Use Postscale outbound when you want to send transactional email from your own domain while another provider, such as Google Workspace or Microsoft 365, continues to handle incoming mailbox traffic.

Outbound-only does not need root MX

If a domain is configured as outbound, do not move its root MX records to Postscale. Keep your existing mailbox provider's MX records in place.

Domain Types and MX Requirements

Domain typeUse caseRequired recordsMX to Postscale?
outboundSend onlyOwnership TXT, SPF, DKIMNo
inboundReceive and parse mail onlyOwnership TXT, MXYes, for the host receiving mail
bothSend and receive on the same domainOwnership TXT, MX, SPF, DKIMYes
aliasMasked or forwarding aliasesOwnership TXT, MXYes

DMARC is recommended for every sending domain. A return-path CNAME is recommended for production outbound traffic so Postscale can correlate delayed bounces.

Outbound DNS Records

For example.com configured as outbound, add the records shown in your dashboard. They follow this shape:

PurposeTypeNameValue
OwnershipTXT_postscale.example.comDashboard verification token
SPFTXTexample.comv=spf1 include:_spf.postscale.io ~all
DKIMTXTpostscale._domainkey.example.comDashboard DKIM value
DMARCTXT_dmarc.example.comv=DMARC1; p=quarantine; rua=mailto:...
Delayed bouncesCNAMEps-bounces.example.combounces.postscale.io

The return-path CNAME is a subdomain. It does not replace your root MX records and does not cause Postscale to receive normal mail for example.com.

Sending with the API

After the domain is verified and DKIM is valid, send through the REST API:

curl -X POST https://api.postscale.io/v1/send \
  -H "Authorization: Bearer ps_live_your_api_key" \
  -H "Content-Type: application/json" \
  -d '{
    "from": "no-reply@example.com",
    "to": ["customer@example.net"],
    "subject": "Your receipt",
    "text_body": "Thanks for your order."
  }'

The from domain must be an active outbound or both domain in your account. Sending is blocked until the domain is verified, SPF is verified, and an active DKIM key is verified.

Sending with SMTP

SMTP relay uses the same outbound pipeline as the API: authentication, domain verification, suppression checks, warming limits, DKIM signing, delivery tracking, and webhooks are shared.

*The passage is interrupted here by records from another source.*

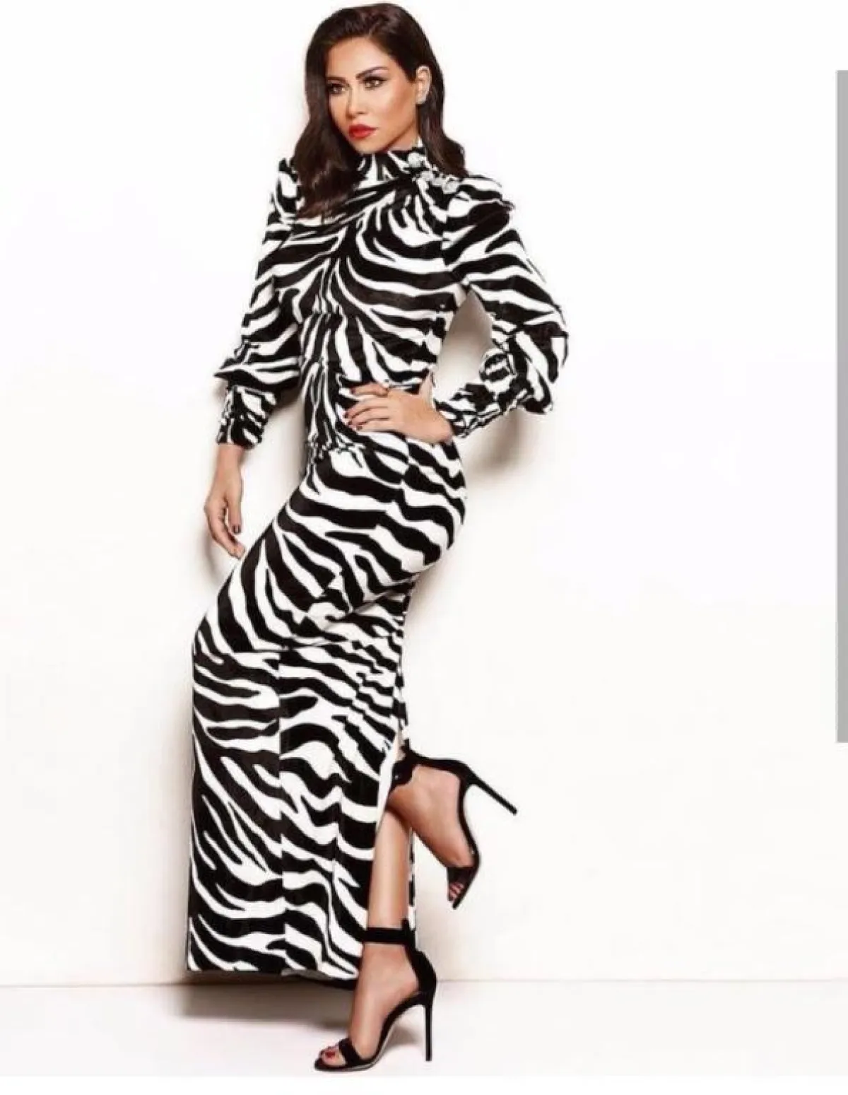 مايا دياب في فستان نقشة الحمار الوحشي من نيكولا جبران:
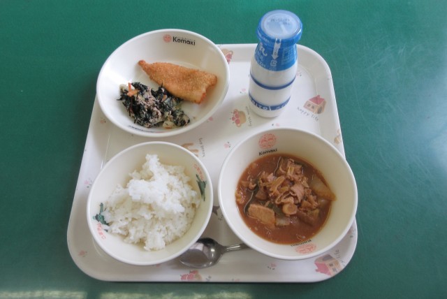 今日の献立は、ごはん、牛乳、うずら卵入り煮みそ、にぎすフライ、五色あえ です。
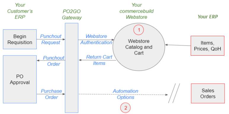 This allows your customers to easily create purchase orders or requisitions, and ensures that they have access to all of the products and prices available on your web store (see “1” in the process flow).
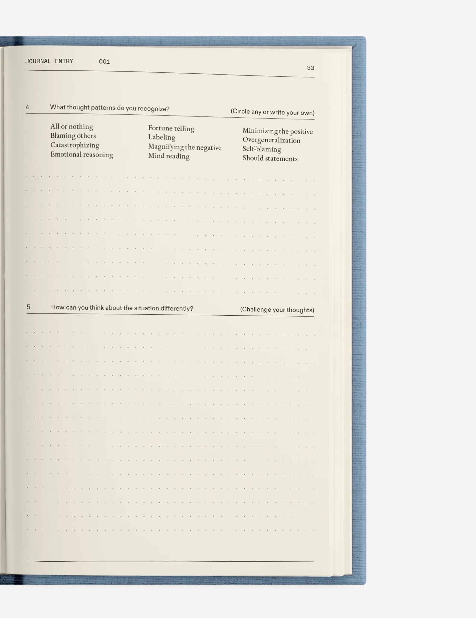 Reduce anxiety, manage stress, and become more aware of your thought patterns with this easy-to-use, guided notebook. Utilizing Cognitive Behavioral Therapy, a rigorously-tested and widely-used treatment, you’ll develop the skills to identify, challenge, and change unhelpful thought patterns so you can feel better.
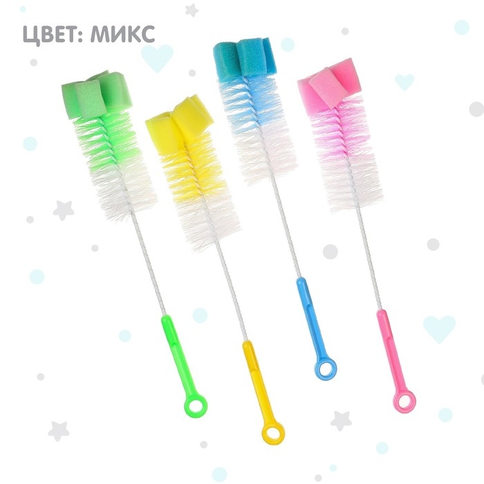 Ёршик для бутылочек, с губкой, цвета МИКС
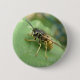 Este bello botón presenta una fotografía de primer plano, increíblemente detallada, de una hermosa mosca franja negra y amarilla que descansa sobre una hoja. La fotografía fue tomada usando macrofotografía para un resultado fantástico y detallado.
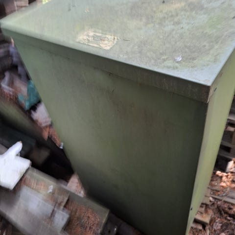 Roskis ylimääräisenä. Halkeama ja likainen, mutta hyvä roskis viedä seuraavalle.
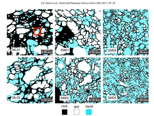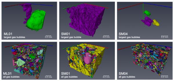 3个浮石样本中的大气泡(上)和所有气泡(下)| 图源:Fauria, K. E., Manga, M., & Wei, Z. (2017)
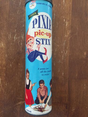 Title (ebay affiliate link): Steven Pixie Pic Up Stix 1960s Toy Elf Pick Up Sticks Canister Tube Vintage Game
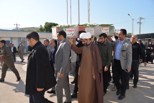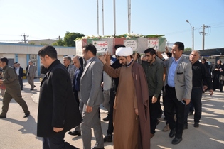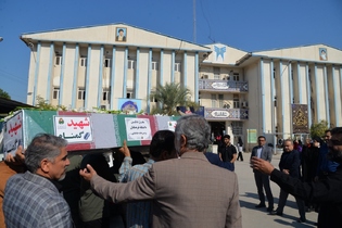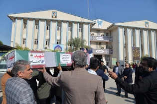 پیکر مطهر شهید خوشنام در میان نواهای کربلایی، عطرافشانی، پرواز گلبرگهای گلهای پرپر شده با حضور سعید رازقی رئیس دانشگاه آزاد اسلامی بوشهر، حجتالاسلام مسعود داستار مسئول نهاد نمایندگی مقام معظم رهبری در دانشگاه آزاد اسلامی بوشهر، اعضای هیئت رئیسه، دانشجویان، استادان، کارکنان، مسئولان بسیج دانشجویی، کارمندی و استادان و جمعی از مدیران استانی در این دانشگاه تشییع شد.
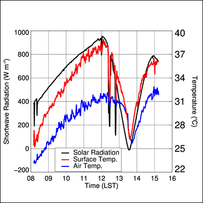 Otras mediciones proporcionaron información adicional sobre los rápidos cambios en la energía cercana a la superficie durante el eclipse. El flujo de calor sensible, o la transferencia de calor de la superficie de la Tierra a la atmósfera, disminuyó a casi 0 vatios por metro cuadrado alrededor de la totalidad, pero aumentó hacia el final de la fase parcial.
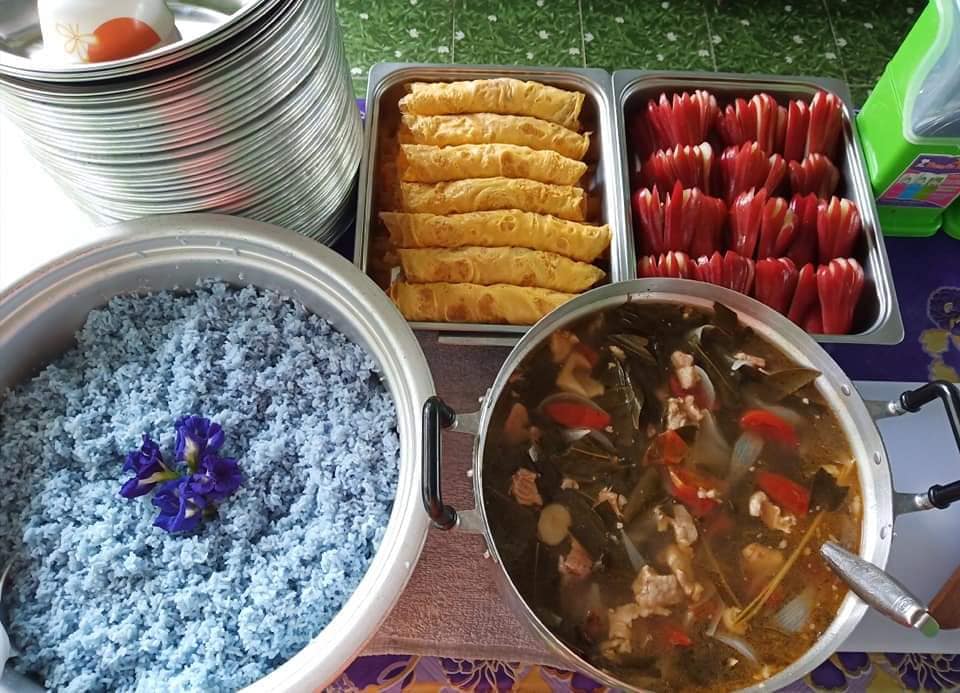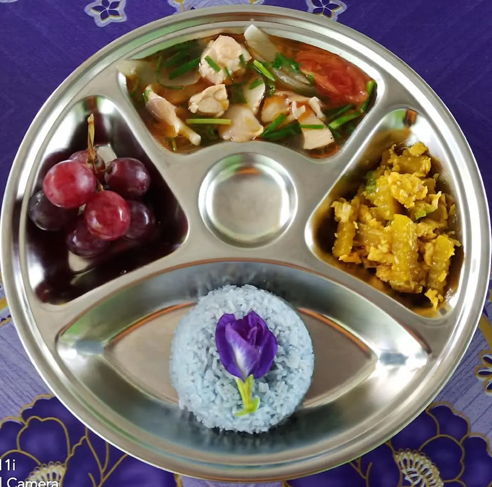 ต้มยำไก่เห็ดนางฟ้า ข้าวสวยดอกอัญชัน ฟักทองผัดไข่ ผลไม้องุ่น
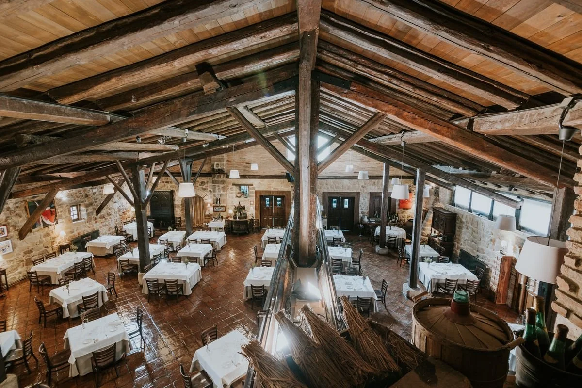 We trade vines for city energy as we head to Bilbao, where the titanium curves of the Guggenheim and its bold contemporary art collections set the stage for a morning of pure visual stimulation. Lunch is at Nerua Guggenheim Bilbao, the museum’s own Michelin-starred restaurant, where chef-driven tasting menus turn seasonal Basque ingredients into modern, artful plates that feel perfectly in sync with the building around you. We then return to Rioja for a brief reset at the hotel, maybe even a cocktail, then back up to the walled hilltop village of Laguardia for dinner at Mayor de Migueloa—a historic palace turned restaurant where stone walls, intimate rooms, and beautifully prepared dishes give the evening a softly lit, old-world glow.
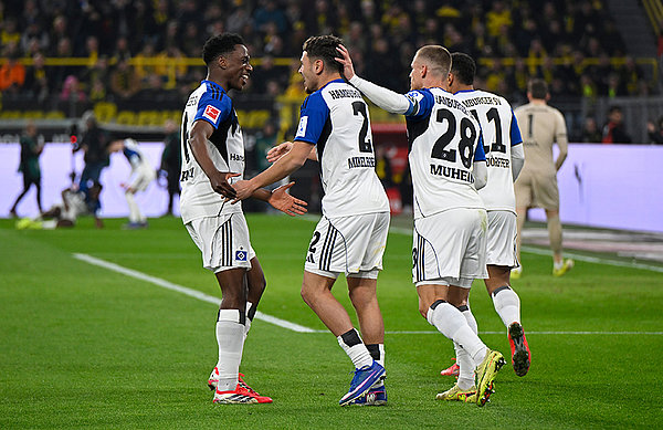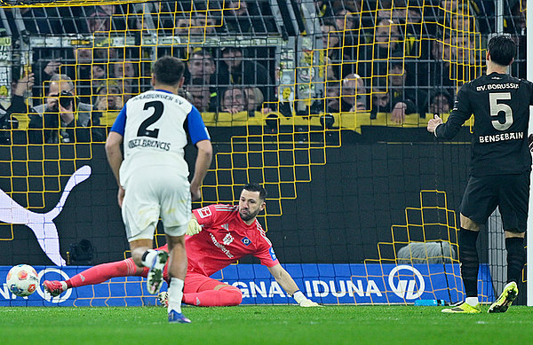 Der Hamburger SV musste sich am Sonnabend (21. März) im Bundesliga-Topspiel bei Borussia Dortmund im Rahmen des 27. Spieltags mit 2:3 (2:0) geschlagen geben. Vor 81.365 Zuschauern im ausverkauften Signal Iduna Park präsentierten sich die Rothosen im ersten Durchgang hellwach und hocheffizient und gingen nach Toren von Otele (19.) und Sambi Lokonga (38.) mit einer 2:0-Führung in die Pause. Im zweiten Durchgang legten die Hausherren dann den Schalter um, erhöhten im Minutentakt den Druck und drehten letztlich durch zwei verwandelte Elfmeter von Bensebaini (73./84.) sowie einen weiteren Treffer von Silva (79.) die Partie gänzlich.
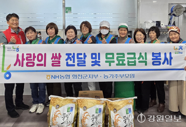 NH농협화천군지부 (지부장:민연홍)와 농가주부모임(회장:이명순)은 18일 화천시내 장수식당을 찾아 사랑의 쌀을 전달하고 무료급식 배식 봉사활동을 했다.
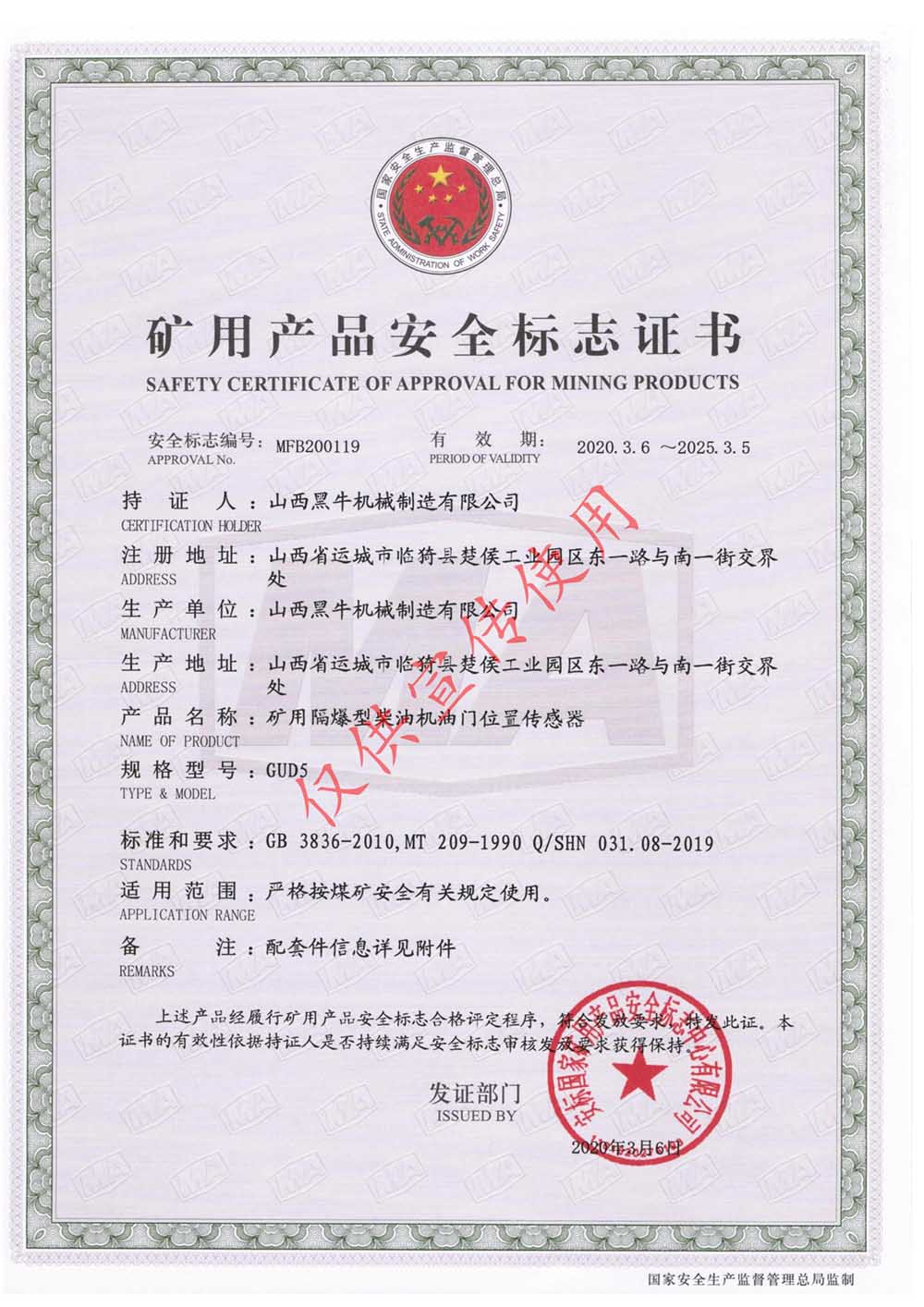 資質(zhì)證書 >配套件安標(biāo)證>礦用隔爆型柴油機(jī)油門位置傳感器
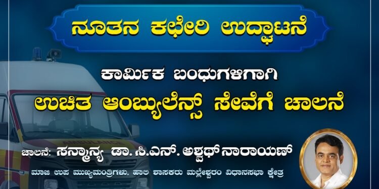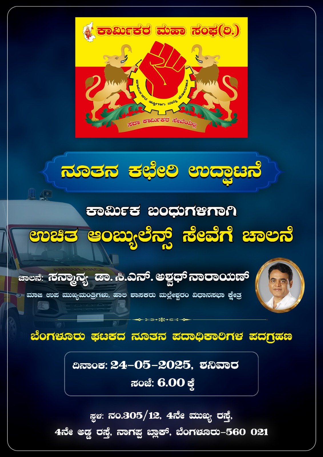 ಕಾರ್ಮಿಕರ ಮಹಾ ಸಂಘದ ನೂತನ ಕಚೇರಿ ಉದ್ಘಾಟನೆ ಹಾಗೂ ಕಾರ್ಮಿಕ ಬಂಧುಗಳಿಗಾಗಿ ಉಚಿತ ಆಂಬುಲೆನ್ಸ್ ಸೇವೆಗೆ ಚಾಲನೆ ನೀಡುವ ಕಾರ್ಯಕ್ರಮ ಮೇ 24ರಂದು ಸಂಜೆ 6ಕ್ಕೆ ಬೆಂಗಳೂರಿನ ನಾಗಪ್ಪ ಬ್ಲಾಕ್ 4ನೇ ಅಡ್ಡ ರಸ್ತೆಯ 4ನೇ ಮುಖ್ಯ ರಸ್ತೆಯಲ್ಲಿ ನಡೆಯಲಿದೆ.

swaks --server smtp.postscale.io:587 --tls \
  --auth PLAIN --auth-user postscale --auth-password "YOUR_API_KEY" \
  --from no-reply@example.com \
  --to customer@example.net \
  --header "Subject: Your receipt" \
  --body "Thanks for your order."

See SMTP Relay for client examples.

How Bounces Work

Postscale tracks outbound failures in two ways:

  1. Immediate SMTP results: if the recipient MX rejects or defers the message during delivery, Postscale records the result from the delivery log.
  2. Delayed DSNs: if the recipient MX first accepts the message and later sends a delivery status notification, Postscale receives it through the verified return-path subdomain.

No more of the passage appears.